Jun 30, 2008
Apologies for that last. Rather than waste your time on William Kristol and Leo Strauss, can I instead suggest you ease your Monday-morning procrastinations with John Latta on William Logan on Frank O’Hara? Thanks.
Jun 15, 2008

From “The Energies of Words,” Peter O’Leary’s history of the famous 1931 “Objectivists” issue of Poetry:
For an issue that launched a movement, it’s not particularly memorable for its poetry, most of which was written by second-rate poets who happened to be friends of Zukofsky, or by now canonical poets who are not regarded as Objectivists, such as Williams, Bunting, or Kenneth Rexroth, a progenitor of the San Francisco Renaissance in the 1950s.
Jun 13, 2008
George Gissing, New Grub Street:
A few days ago her startled eye had caught an advertisement in the newspaper, headed ‘Literary Machine’; had it then been invented at last, some automaton to supply the place of such poor creatures of herself, to turn out books and articles?
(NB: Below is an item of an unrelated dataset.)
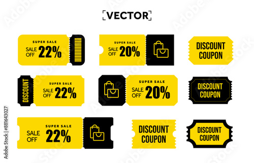 3d pack of coupons in yellow color, shopping icon, barcode and shape, coupon code. Coupon set isolated on white background. Voucher template for special promotion. 3d Vector illustration. Vector
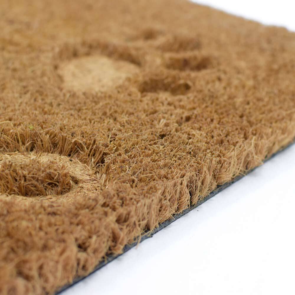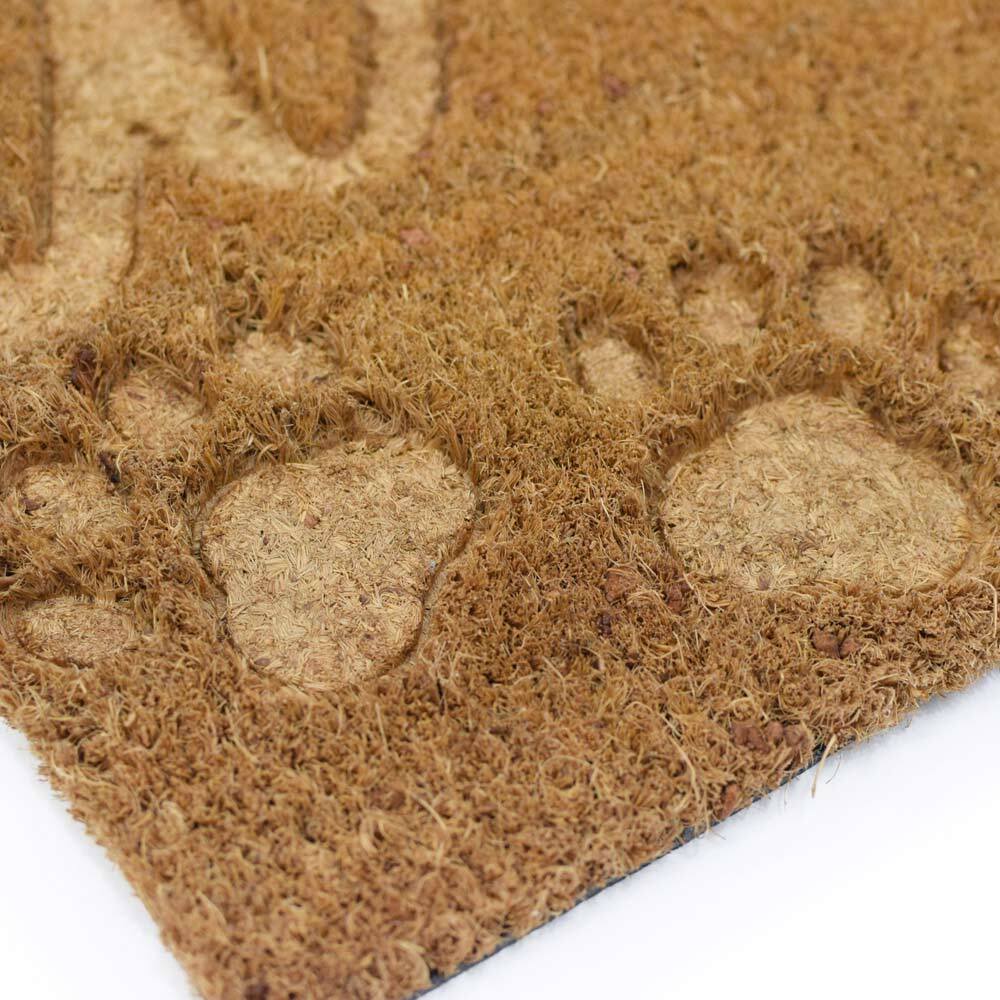 ココヤシ繊維に型押し加工で文字と柄をデザインしたコイヤーマットです。肉球のあとが可愛くお客様をお出迎え。

Alas! The machine was only one for holding volumes conveniently, that the work of literary manufacture might be physically lightened. But surely before long some Edison would make the true automaton; the problem must be comparatively such a simple one. Only to throw in a given number of old books, and have them reduced, blended, modernised into a single one for today’s consumption.
Apr 16, 2008
It’s hard to know if we have talent. Here and there, a drunken
grad student expresses admiration….
—Kent Johnson, “To John Bradley”
If you’re reading this, chances are you’ve probably already seen Linh Dinh’s encomium to Kent Johnson at the Harriet blog. If not, go have a look and remind yourself of what you already know—in Dinh’s words, “Kent Johnson is a deadly serious, brilliant subversive.”